Йосеф немного овладел собой. Его голос зазвучал яснее.
— В аптеке, — сказал он, — я часто отвешиваю всякие смертельные яды — одну пятую золотника, одну десятую золотника. Для таких лекарств, которые содержат в себе яд… Тут, у тебя в доме, незачем взвешивать, чье несчастье тяжелее — мое или твое… Скажи прямо! Прямо скажи мне, Эстерка, что случилось? Ведь что-то наверняка случилось…
— Какая разница? — снова уклонилась она от прямого ответа. — Что случилось, то случилось. Я не могу больше играть, как играла до сих пор. Я отказываюсь.
— Ты отказываешься… — его голос совсем ослабел и охрип. — Отказываешься… — повторил он, как человек, который пытается и никак не может понять значение какого-то сложного слова.
— Да, — подтвердила Эстерка, — отказываюсь.
— А что скажут люди? — поднял он на нее с мольбой глаза. — Что скажут в городе? Реб Нота…
— С этим я больше не могу считаться. Я здесь больше не останусь. Ни в этом городе, ни в этом доме…
— Но я… я-то ведь здесь останусь. Об этом ты даже не думаешь…
— Обо всем этом я много думала. Если для тебя главное, что скажут люди, — то ты как-нибудь разберешься. Ничего страшного.
Ее резкость пронзила его, как нож. Пораженный ею в этот отчаянный момент, он почувствовал себя слабым и отупевшим. Его губы скривились в жалкую усмешку:
— Да-да, Эстерка. Какая разница, что скажут люди?.. Главное ведь… главное… Но это все равно. Я, дурак, должен был быть готов к этому. Даже вчера, когда унижался в твоей комнате, когда просил тебя владычествовать надо мной… Скажи, это твоя первая проба — как издеваться надо мною? Или…

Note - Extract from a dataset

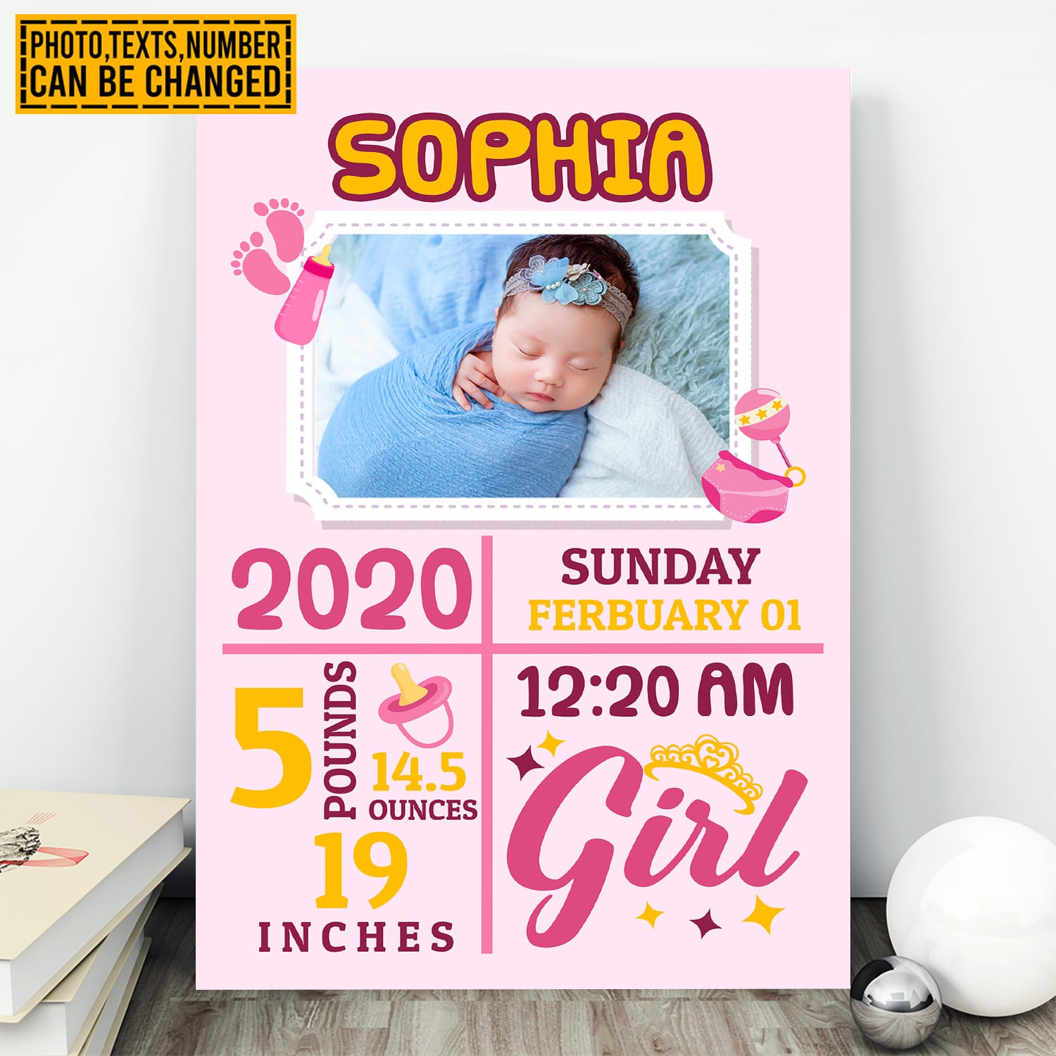 Let’s Shop Custom Photo Baby Birth Stats Gallery Wrapped Framed Canvas Print – Home Decor Wall Art – Poster!

— Больше не будет никаких проб, Йосеф. Не обманывай себя.
— Да-да. Я знал. Чувствовал. Как только я дошел до цели, ты сняла маску.
— Да, сняла. Конец маскараду, Йосеф. Я даже боюсь посмотреть в зеркало, чтобы не увидеть там голову мертвеца, монстра. Такой отвратительной я себя чувствую.
— Ты? Отвратительной? — горько усмехнулся Йосеф. — Ты — отвратительной? — повторил он и поднялся. Даже протянул руки в каком-то странном воодушевлении, будто собираясь ее обнять.
— Не прикасайся ко мне! — истерично взвизгнула Эстерка. — Нет, нет!
— Что ты так кричишь? — опустил он руки. — Я только хотел сказать, что даже сейчас… когда ты оскорбляешь меня, когда издеваешься надо мной, ты прекрасна, просто волшебно красива. Если бы ты знала…
— Ах, — ответила Эстерка и скривилась, как от кислятины, — оставь это сейчас! Сиди, где сидишь!.. Не ту отвратительность я имела в виду, а совсем другую, внутреннюю. По сути я всегда была отвратительной. Я никогда тебя не любила. И все же…
— Никогда не любила? Никогда? Что ты говоришь? Ты, ты!..
— Ты же пообещал, что будешь сидеть спокойно. Будь мужчиной до конца. Да, я никогда по-настоящему не любила. Мне только нравилось, что кто-то в меня влюблен так долго, так отчаянно. Иногда — безо всякой надежды влюблен. В основе же это была своего рода месть.
— Месть? Почему месть?
— Месть за мою поломанную жизнь. Ты ведь знаешь, что со мной вытворял мой муж. А многого еще и не знаешь. Обо многих вещах даже жениху нельзя рассказать. Он поломал всю мою жизнь…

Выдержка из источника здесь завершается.